Now I understand that class A chimneys are to have 2" clearance from all combustibles. However mineral wool is not combustible. So I think I'm good to go. This is the point of all the above. Can Mineral wool be wrapped around class a chimneys?

Does all this make sense to everybody?
Thanks in advance.

rjwoelk

I would be checking with the guys that make the rockwool insulation, then check also with your fire insurance folks.  DO NOT GET THAT CELULOSE  any were near that chimney, it will smolder  for days and end up burnning the house down.Just saying.
Lt15 palax wood processor,3020 JD 7120 CIH 36x72 hay shed for workshop coop tractor with a duetz for power plant

Klunker

Thats what I'm trying to avoid by using the rockwool around the chimney.
Rockwool does not burn, withstands temps of 2150F.

My sticking point is this 2" to combustibles in code.

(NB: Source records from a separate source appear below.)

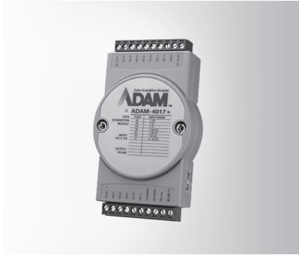
ADAM-4017+ CE FCC RoHS COMPLIANT 2002/95/EC

8-ch Analog Input Module with Modbus 8-ch Thermocouple Input Module with Modbus 8-ch Universal Analog Input Module with Modbus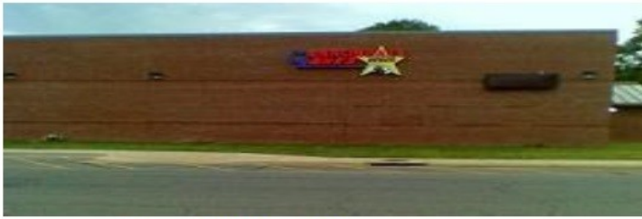
Cannon Ball Lanes Dahlgren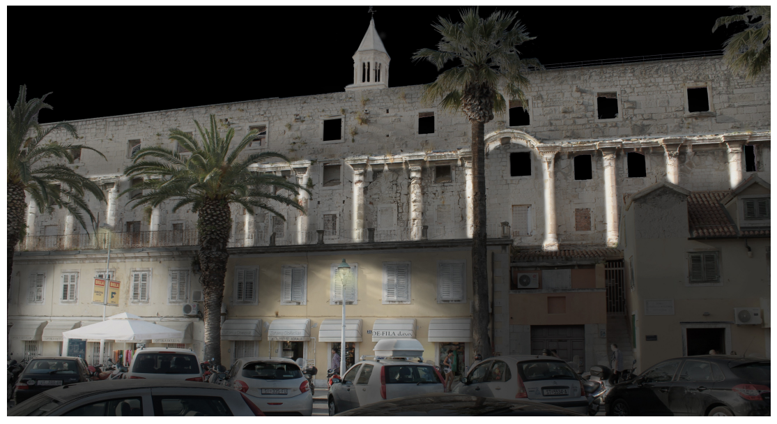
The illumination's project of the south wall of the Palace.

In conclusion, my thesis mainly focused on the studies and planning of accurate interventions, so as to enhance the Monument and its historic context, with particular interest over the sustainability .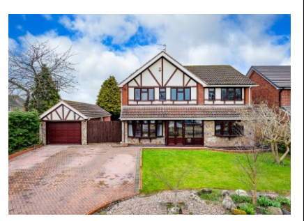
11 Waverley Gardens, Wombourne, Wolverhampton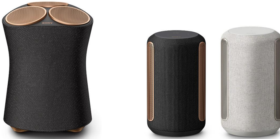
SRS-RA5000 and SRS-RA3000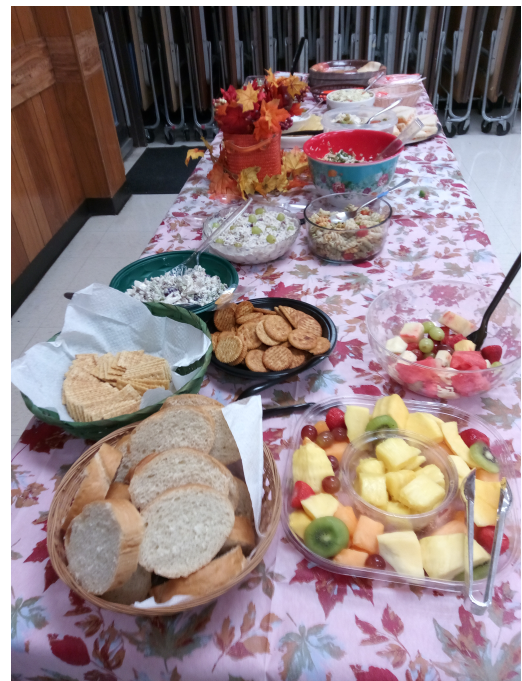
Members provided a wonderful array of tasty food for our luncheon.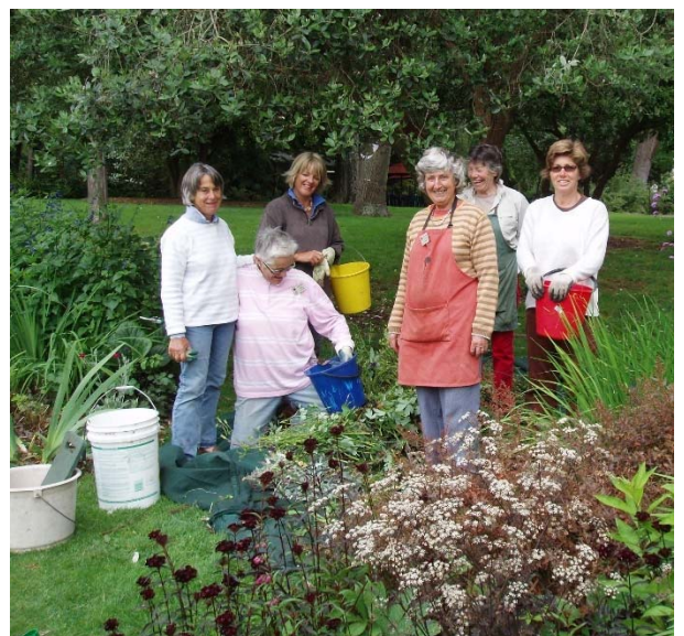
Some of the Perennial Border volunteers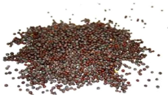
Fig 1.5 Mustard Seeds

Mustard Seeds : Ranging from Reddish brown to black in appearance, this seeds are commonly used in Indian cooking, and even in the preparation of pickles, and other condiments, and sometimes even as curry. The paste made from it has a very pungent taste.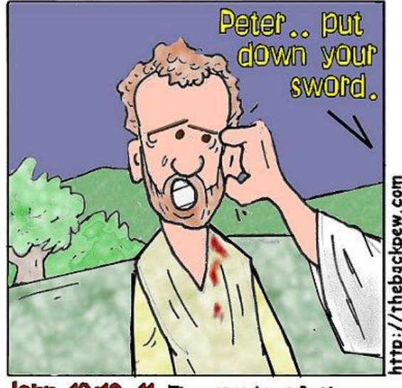
John 18:10-11 The panic of the night of Jesus arrest.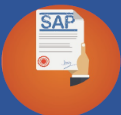
Strategic Action Programme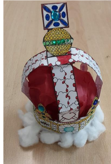
Diamond Class Crowns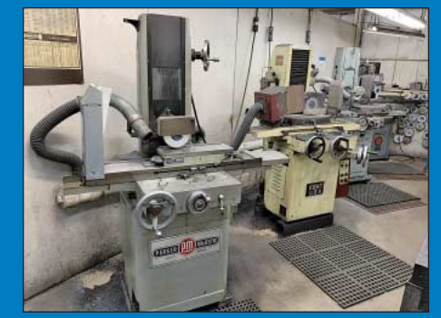
(6) Hand Feed Surface Grinders

Inspection Tools; 14" Optical Comparator w/ Late Model DRO, Granite Plates, Height Gages, Calipers, Mics, Small Machinery, Grinders, Sanders, Arbor Presses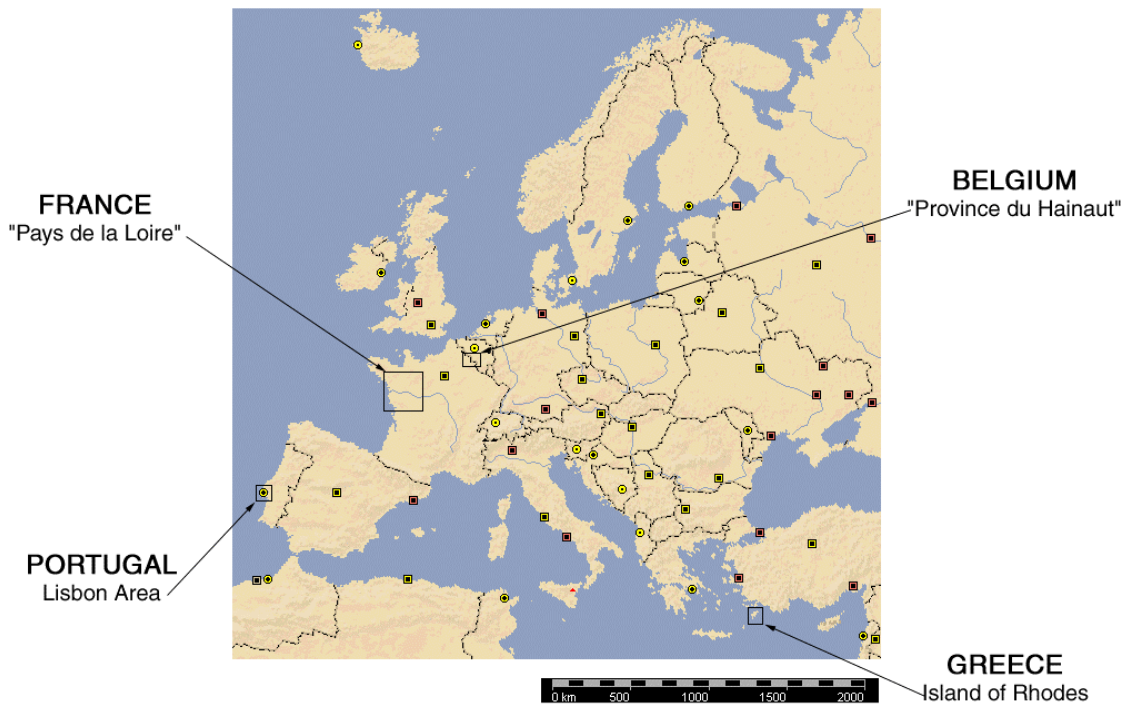
Figure 1. Location of the four national networks of schools involved in the ModellingSpace project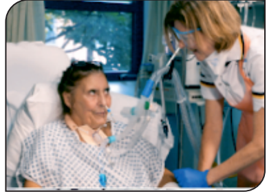
Tracheostomy Care At Home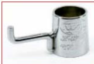
LARGE 1 1/2" SHELF COLLAR HOOK Model No. SSB2C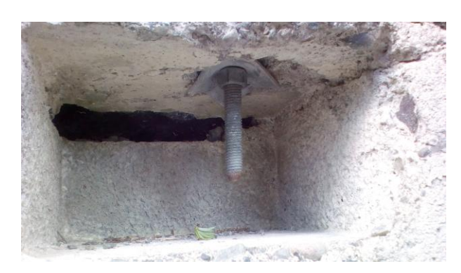
Figure 28: Bent washer in concrete pocket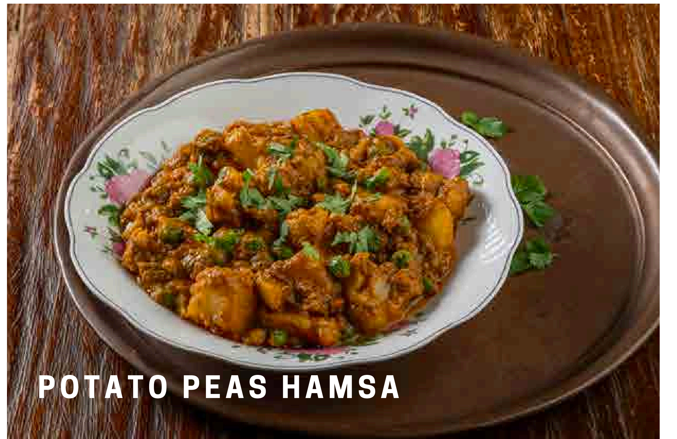
POTATO PEAS HAMSA

Rockwool is not a combustible, so it should be OK. But I have been told that I can't wrap it around the chimney pipe.
I can't seem to get an answer if it is not combustible why can't it be closer than 2"?
Was hoping there was someone out there that was wise to all this.

Hilltop366

To be extra cautious I would avoid putting anything directly against the chimney.

I'm thinking that there is a lot of heat generated at the stove pipe / chimney connection area that requires a air space for cooling.

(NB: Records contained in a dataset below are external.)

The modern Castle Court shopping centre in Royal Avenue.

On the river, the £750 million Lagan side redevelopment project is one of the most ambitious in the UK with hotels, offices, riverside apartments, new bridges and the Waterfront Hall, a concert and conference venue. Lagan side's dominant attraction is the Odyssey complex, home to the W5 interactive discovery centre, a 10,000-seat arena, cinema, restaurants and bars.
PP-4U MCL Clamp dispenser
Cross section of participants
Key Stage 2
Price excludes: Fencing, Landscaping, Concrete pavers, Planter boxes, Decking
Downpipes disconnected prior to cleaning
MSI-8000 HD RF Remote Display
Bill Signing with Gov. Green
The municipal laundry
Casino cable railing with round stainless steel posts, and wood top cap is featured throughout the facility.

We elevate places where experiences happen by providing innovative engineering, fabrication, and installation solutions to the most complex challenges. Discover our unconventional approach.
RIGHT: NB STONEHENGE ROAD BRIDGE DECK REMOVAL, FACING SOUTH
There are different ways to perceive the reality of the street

Would it be possible to put some rabbit pen wire mesh around the chimney to hold the rock wool back from it, thinking that the wire mesh could be put up in pieces and wire tied together if required.  It might need some pieces of metal to hold the mesh off the chimney as well.  I would check with my insurance people as well. 

thecfarm

I have no idea. BUT I would follow ANY and ALL manufacturing installations instructions. Them insurance claim people can be mighty picky when it comes to a claim.  :(
Model 6020-20hp Manual Thomas bandsaw,TC40A 4wd 40 hp New Holland tractor, 450 Norse Winch, Heatmor 400 OWB,YCC 1978-79

hedgerow

Before the final design is put in I would run every thing by your insurance company and get them to sign off on it. My insurance company doesn't like wood burning applinces in houses and they don't even like my Garn in my out building. You don't want to have a fire and find out you don't have any insurance because the install didn't get meet there specs.

Klunker

Well for posterity I'll add this post.
I called Duravent and talk to a very nice informative man named Nick.
We talked for about 1/2 hour.
His first suggestion was to use a insulation guard and modify it for the angled pipe.
Then only fill the insulation up to the top of the Guard.
This leaves a depression of lack of insulation around the chimney area.
Not a very pleasing solution.
After alot of back and forth his final suggestion to me was call building inspector.
They are the final say as to right/wrong.
So I made the call.
Hes an nice intelligent guy. He agrees that in the real world code is not always able to be to the letter of the code.
Sometimes you need to try and achieve the intent.
Not sure what I'm going to do yet.
But I know that I won't be wrapping the chimney in rockwool.
I'm going to do some fab work and try to get something that is acceptable to my inspector.

21incher

Once you make any changes to the manufacturers installation the UL rating is usually lost so it should all come down to your insurance companys approval to have coverage should a problem arise later. Insurance companies can be picky about wood stove installations. :)
Hudson HFE-21 on a custom trailer, Deere 4100, Kubota BX 2360, Echo CS590 & CS310, home built wood splitter, home built log arch, a logrite cant hook and a bread machine. And a Kubota Sidekick with a Defective Subaru motor.